Side dress with 25-50 lb N/ acre when first fruits appear.

Where mulching and trickle irrigation are practiced, additional nitrogen can be fed through the trickle irrigation system at 15 lb/acre when the first fruit begins to set and an additional 15 lb/acre four weeks after. To prevent clogging or plugging from occurring use soluble forms of N (urea or ammonium nitrate), and chlorinate the system once a month with a l0 to 50 ppm. chlorine solution. Chlorinate more frequently if the flow rate decreases.

Avoid excessive nitrogen applications, which can cause excessive vine growth and delay maturity.

PLASTIC GROUND MULCHES AND ROW COVERS

The use of black plastic ground mulch is recommended, especially in Western Oregon, to enhance earliness and yield. Plastic mulch controls weeds, conserves moisture, may increase soil temperature, and protects fruit from ground rots. For black plastic mulch to increase soil temperature, it is critical that the soil surface be smooth and that the plastic be in close contact with the soil. This can only be achieved by laying the plastic with a machine designed and properly adjusted for this task. Clear plastic much is superior for heat transfer to the soil but does not control weeds.

A new generation of plastic mulch films allows for good weed control together with soil warming that is intermediate between black plastic and clear film. These films are called IRT (infrared-transmitting) or wavelength-selective films. They are more expensive than black or clear films, but may be cost-effective where soil warming is important. (See also section on spacing).

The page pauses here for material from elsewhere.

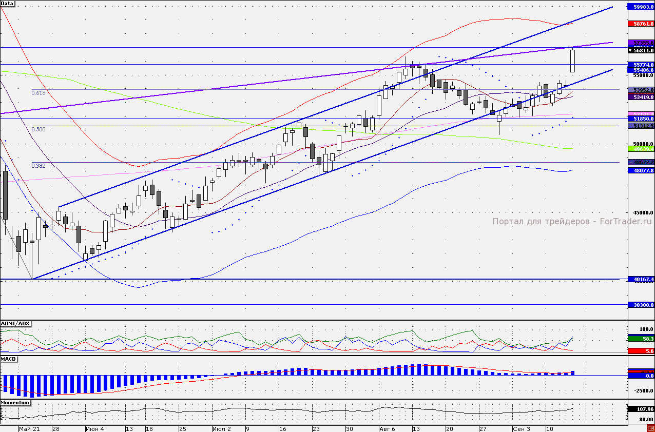 Привилегированные акции «Транснефти» сегодня снизу вверх тестируют линию долгосрочного восходящего тренда на уровне 57000 руб., действовавшего с марта 2009 по май текущего года. Вероятность преодоления данной отметки достаточно велика. Индикатор ADMI/ADX показывает, что силы «быков» по бумагам преобладают (линия «быков» находится выше линии «медведей»). Рост сигнальной линии и гистограммы осциллятора MACD (12;26;9) также не исключают возможного продолжения восходящего движения акций. В случае развития позитивного сценария бумаги могут закрепиться выше важной отметки 57000 руб. В таком случае следующей целью по акциям выступит уровень 58700 руб., где проходит верхняя граница восходящего канала, в котором бумаги торгуются с середины мая текущего года. Наш 30-минутный торговый робот находится в «лонгах» удерживая длинные позиции от отметки 55200 руб. Таким образом, при закреплении акций выше уровня 57000 руб., длинные позиции по бумагам стоит наращивать.

Plastic, spunbonded, and non-woven materials have been developed as crop covers for use as windbreaks, for frost protection, and to enhance yield and earliness. They complement the use of plastic mulch and drip irrigation in many crops.

Non-woven or spunbonded polyester or propylene, and perforated polyethylene row covers, may be used for 4 to 8 weeks immediately after transplanting or direct seeding. Covers should be removed when plants begin to flower or if temperatures become excessive under the covers. Do not allow temperatures to exceed 90 F for more than two or three consecutive days. Row covers increase heat unit accumulation by 2 to 3 times over ambient. Two to four degrees of frost protection may also be obtained at night. Soil temperatures and root growth are also increased under row covers as are early yields, and in some cases total yields.

IRRIGATION

Apply water uniformly to reduce incidence of blossom end rot. Irrigate carefully after fruit ripens to reduce fruit decay and cracking. A total of 12-15 inches may be needed in western Oregon. Approximate summer irrigation needs for the Hermiston area have been found to be: 3.5 inches in May, 5.0 in June, 7.5 in July, and 7.0 in August. Research has shown that the use of drip irrigation under black plastic mulch is superior to sprinkler irrigation with black plastic mulch. Yields usually increase dramatically.

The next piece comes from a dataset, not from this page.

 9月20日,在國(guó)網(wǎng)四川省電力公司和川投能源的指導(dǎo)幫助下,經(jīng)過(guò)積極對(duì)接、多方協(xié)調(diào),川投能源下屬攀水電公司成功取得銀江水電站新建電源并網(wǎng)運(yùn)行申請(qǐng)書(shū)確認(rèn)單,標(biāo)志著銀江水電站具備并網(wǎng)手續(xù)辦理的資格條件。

Soil type does not affect the amount of total water needed, but does dictate frequency of water application. Lighter soils need more frequent water applications, but less water applied per application.

CHEMICAL FRUIT RIPENING

Ethephon (Ethrel) may be used for uniform ripening for once-over harvest and to enhance ripening in late varieties, or during late seasons, or when ripening is delayed. The proper use of Ethrel can advance harvest about 5-7 days. Fruit do not increase appreciably in size after ethephon treatment

Several factors must be considered for effective use of Ethrel:

  • Because Ethrel can cause some defoliation and increase incidence of sunburned fruit, do not treat fields where growth is poor or the plants are stressed.
  • Do not apply Ethrel if temperatures are expected to exceed 90 F.
  • Apply when fruit is at 5 to 10% red/pink/breaker stage. Ethrel is effective only on fruit that is at least mature-green (fruit has gel inside). The key to good results is good coverage.
  • Apply 1.25 to 1.75 pints Ethrel (2 lb/gal formulation) in 40-80 gal water/acre. Use higher rates when day temperatures are less than 64 F and tomato growth is dense. Ideal temperature range is 75-85 F.
  • Avoid spraying more than can be harvested in one day as sprayed fields do not "store" as well as unsprayed.
  • Varietal differences in foliage vigor and leaf characteristics affect Ethrel uptake and potential for fruit injury and ripening response. Experiment carefully and know how your variety responds.
  • Do not exceed 6.5 pints/acre total, or excess residues may develop. Consult product label for full instructions and cautions.
  • Harvest fruit at proper maturity, generally l4 to 2l days after treatment. Observe treated fruit frequently for condition of crop ripening. Cool temperatures can slow Ethrel absorption and color development and extend the period between treatment and harvest.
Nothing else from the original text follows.